Allegra also pointedly called the actions "Kafkaesque."

"Hopefully, this will bring this Kafkaesque story to an end," the ruling states.

The author Franz Kafka's writings have long been noted as nightmarishly complex, bizarre and illogical.

Kafkaesque is widely used to describe surreal situations like in his writing.

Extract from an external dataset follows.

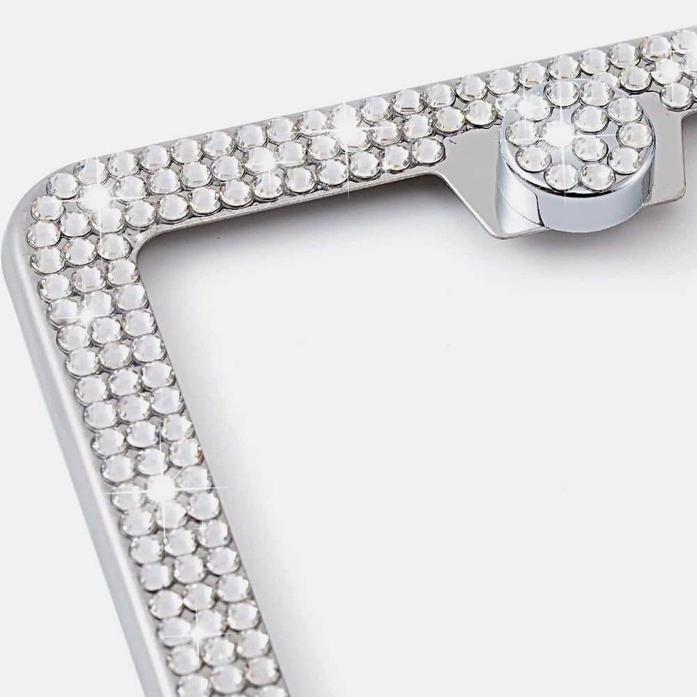 2,Exquisite Design: This license plate has a narrow frame. It is small and cute. The frame is sparkling under the sun and at night. It is attractive and dazzling.

Allegra noted Kafka's "The Trial."

"There, Kafka depicts a totalitarian state in which the government suppressed freedom via a deluge of circuitous and irrational process. One of the techniques employed was the 'non-final acquittal,'" Allegra wrote. "Kafka describes these acquittals thusly: 'That is to say, when [the accused] is acquitted in this fashion the charge is lifted from [his] shoulders for the time being, but it continues to hover above [him] and can, as soon as an order comes from on high, be laid upon [him] again.'"

Dobyns responded to the ruling on his website .

"I have been vindicated," he wrote.

"I will not seize upon this opportunity to gloat or celebrate. From my view there is nothing to rejoice in. This is a sad day for my beloved ATF, the Department of Justice and all who believe in and support America's law enforcement officers. ...

"An agency I spilled my own blood for and enthusiastically accepted every dirty assignment on behalf of for 27 years, knowingly and intentionally accused me of a crime I did not commit; being a person who would murder his own wife and children by fire," Dobyns added.

"For those who blame me for 'rocking the boat' or airing ATF's 'dirty laundry' in public, you're just going to have to find a way to get over it. I don't take it back and I wouldn't if I could."

A star football player at the University of Arizona, decorated agent and best-selling author of "No Angel: My Harrowing Undercover Journey to the Inner-Circle of the Hells Angels," Dobyns joined the ATF out of college.

At 26, during his first week on the job, he was shot.

Dobyns openly professes his love of the undercover work that required him to shave his head, get tattooed from shoulder to wrist, and become Harley-riding renegade Jay "Bird" Davis.